What the task asks —
The expected output is an exact copy of each line from the line with "ZBOR 2: Dubai" through the end of the data below, with no pictures in it.

Information shown —
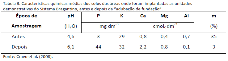 Como os solos da região Nordeste do Pará são de baixa fertilidade natural e encontram-se degradados, em sua maioria, há necessidade de ser feita a recuperação da fertilidade, por meio da adubação de fundação, para a implantação do Sistema Bragantino. Assim sendo, áreas antes consideradas degradadas tiveram a fertilidade do solo restaurada (Tabela 3), dando condições de serem reintroduzidas ao processo produtivo, de forma contínua e por tempo indeterminado.
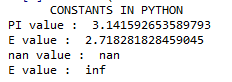 In Python, Math functions are a collection of pre-defined mathematical actions with generic implicit values that can be directly fetched for the mathematical operations in the program. There are several such math functions in python, like constants (pi for return value 3.141592, E for return value 0.718282 , nan for representing non numbers, inf for representing infinite), logarithmic functions (exp(x) returns e**x), expm1(x) returns e**x-1, log2(x) returns logarithmic value for x with base2, sqrt(x) returns square root value for x), numeric functions ( factorial(x), isinf(x), remainder(x, y) returns value of remainder for dividing x by y) and trigonometric functions (sin(x), cos(x), tanx(x)).
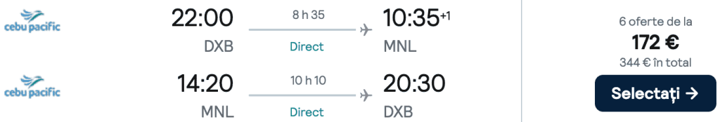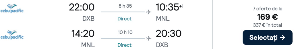 ZBOR 2: Dubai -> Manila, Preț dus-întors 169€/pers, 4-18 Mar 2026
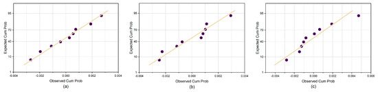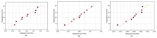 P−P plot of regression standardized residuals: (a) FVC (forests)-temperature; (b) FVC (forests)-rainfall; (c) FVC (forests)-daytime; (d) FVC (shrubs)-temperature; (e) FVC (shrubs)-rainfall; and (f) FVC (shrubs)-daytime.

Output for this task —
 ZBOR 2: Dubai -> Manila, Preț dus-întors 169€/pers, 4-18 Mar 2026
 P−P plot of regression standardized residuals: (a) FVC (forests)-temperature; (b) FVC (forests)-rainfall; (c) FVC (forests)-daytime; (d) FVC (shrubs)-temperature; (e) FVC (shrubs)-rainfall; and (f) FVC (shrubs)-daytime.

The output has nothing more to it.